The danger of our modern parenting culture, though, is that the worries and over-analysis can turn into a noisy traffic jam in our brains, paralyzing us and stressing us out. How we promote calm and wellness in our parenting selves comes back to balance. How? Let go of what is likely unhelpful worries (eg, your 3-year-old who doesn’t want to potty train will eventually use the toilet), to better focus our energies. Selecting the right daycare? Yes, quite important. Modeling in the home behaviors we want to teach our children? Yes, it matters. Having a day with more yelling than we want?
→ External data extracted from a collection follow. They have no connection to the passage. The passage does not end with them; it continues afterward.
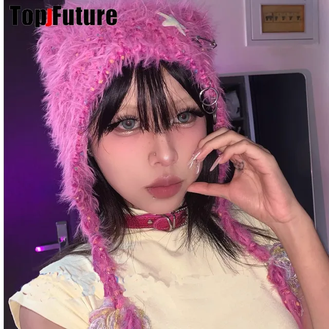 Price range: 17.34$ through 32.06$Y2K girl Harajuku Gothic Lolita cat Ear Hat Women Punk Designer Winter Beanie Hat Gothic lolita streetwear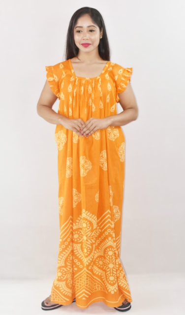 Yellow Cotton Red Maxi Nighty Square Neck Short Sleeves with pleats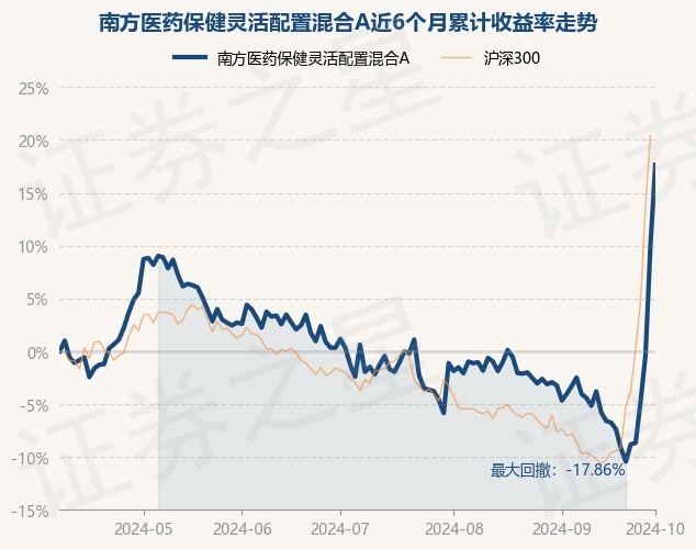 证券之星消息,10月8日,南方医药保健灵活配置混合A最新单位净值为2.3505元,累计净值为2.5655元,较前一交易日上涨6.97%。历史数据显示该基金近1个月上涨22.59%,近3个月上涨19.98%,近6个月上涨17.64%,近1年上涨7.57%。该基金近6个月的累计收益率走势如下图:

Let that one go.
Carrying our persistent child with clear preferences rather than getting into a power struggle about it? Slipping his shoes on his feet despite him being perfectly capable of doing so because we need to get to work or home more quickly? I don’t think it matters, especially since he seems to have plenty of other indicators of high independence. But check back with me in 20 years — maybe I’ll still be putting on his shoes and carrying him around.
My Theory: Bell Curve Parenting
Since everyone gets a theory, why not me? I envision the bell curve of parenting as a visual representation that most parenting is messy and imperfect, falling under the large part of the curve representing “normal,” even as there may be wide variations. The outliers, like abuse and neglect, are where parenting matters in the worst way.
But of course we matter and are making a difference — children without parents suffer. But as long as we stay connected, make our best efforts, and show up most days, we can let go of a lot that we might be losing sleep over right now. They will be fine, or they may not be fine, but it is both because of us AND more than just us.